Boston blasts: FBI looks at Pakistani terror group

The US Federal Bureau of Investigation (FBI) is looking at a Waziristan-based terror group’s link with the two brothers suspected of the deadly Boston bombings, a media report said.

The News International reported that Islamic Jehad Union (IJU) has come under FBI’s focus for its alleged links with Tamerlan and Dzhokhar Tsarnaev, two brothers of Chechen descent who allegedly carried out the blasts in Boston April 15, killing three people.

FBI believes that the two brothers were linked to the Islamic Jehad Union which has recruited Chechens, Uzbeks, Europeans and Arab Muslims to fight with them against the US forces in Afghanistan, it cited the American media as saying.

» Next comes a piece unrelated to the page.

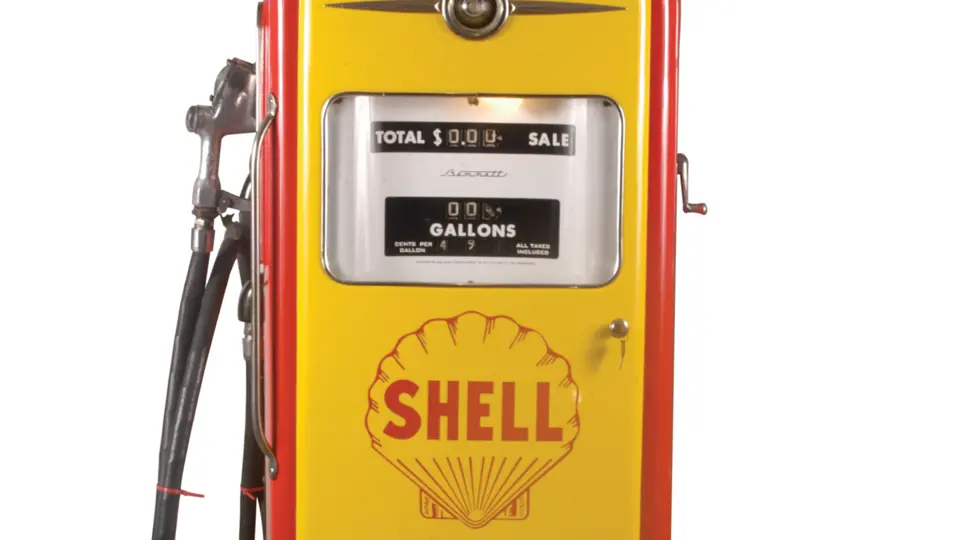 74 inches in height. This 1954 Bennett 966 model pump has been restored in Shell colors and trim. An older restoration, it features a reproduction threepiece milk glass globe and remains a very attractive example.

“That the Islamic Jehad Union is headquartered in the Mir Ali area of North Waziristan is a general knowledge thing for most of the terrorism experts in Pakistan,” said the media report.

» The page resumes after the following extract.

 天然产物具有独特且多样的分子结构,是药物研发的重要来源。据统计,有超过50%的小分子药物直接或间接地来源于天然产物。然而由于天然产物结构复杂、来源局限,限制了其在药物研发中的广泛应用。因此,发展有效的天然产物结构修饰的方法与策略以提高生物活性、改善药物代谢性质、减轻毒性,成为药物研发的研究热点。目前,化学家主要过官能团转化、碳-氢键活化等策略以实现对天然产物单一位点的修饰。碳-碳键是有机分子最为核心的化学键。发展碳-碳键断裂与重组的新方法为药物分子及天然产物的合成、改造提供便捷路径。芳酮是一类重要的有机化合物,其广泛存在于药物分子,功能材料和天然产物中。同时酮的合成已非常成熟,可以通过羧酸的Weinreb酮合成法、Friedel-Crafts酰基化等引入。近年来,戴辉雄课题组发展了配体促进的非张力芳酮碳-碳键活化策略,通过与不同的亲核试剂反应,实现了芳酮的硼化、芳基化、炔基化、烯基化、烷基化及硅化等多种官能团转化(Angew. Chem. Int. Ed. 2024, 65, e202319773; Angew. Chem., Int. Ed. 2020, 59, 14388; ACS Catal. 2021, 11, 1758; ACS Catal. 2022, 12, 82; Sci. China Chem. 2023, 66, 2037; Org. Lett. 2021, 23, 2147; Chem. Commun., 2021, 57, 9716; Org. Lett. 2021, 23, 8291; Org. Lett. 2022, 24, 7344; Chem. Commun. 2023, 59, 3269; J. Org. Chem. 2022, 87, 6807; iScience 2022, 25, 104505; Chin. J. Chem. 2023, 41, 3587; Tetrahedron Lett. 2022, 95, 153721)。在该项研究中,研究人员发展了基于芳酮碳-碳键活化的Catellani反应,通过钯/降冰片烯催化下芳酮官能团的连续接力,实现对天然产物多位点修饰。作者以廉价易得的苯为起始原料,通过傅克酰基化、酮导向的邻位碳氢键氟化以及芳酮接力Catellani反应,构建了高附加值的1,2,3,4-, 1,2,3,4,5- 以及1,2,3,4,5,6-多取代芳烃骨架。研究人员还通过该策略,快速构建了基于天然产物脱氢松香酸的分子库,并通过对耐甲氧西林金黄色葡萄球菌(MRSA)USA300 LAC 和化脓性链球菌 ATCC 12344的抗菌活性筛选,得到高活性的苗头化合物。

The IJU was initially known as Islamic Jehad Group (IJG), which was founded in March 2002 by two Uzbek rebels of Islamic Movement of Uzbekistan – Najmuddin Jalolov alia Abu Yahya and Suhael Buranov alias Abu Huzaifa.

It was banned by the US State Department in 2005 as a Foreign Terrorist Organization. The IJU set up its headquarters in the Mir Ali area of North Waziristan.

Islamic Jehad Union maintains close ties with the North Waziristan-based leadership of Al Qaeda and the Haqqani militant network, said the media report.

Central Asians, including Chechens and Uzbeks, and Turks and Germans make up a significant portion of the terror group.

In April 2004 it had first claimed responsibility for a series of suicide bombings around Tashkent and Bukhara, killing 47 people.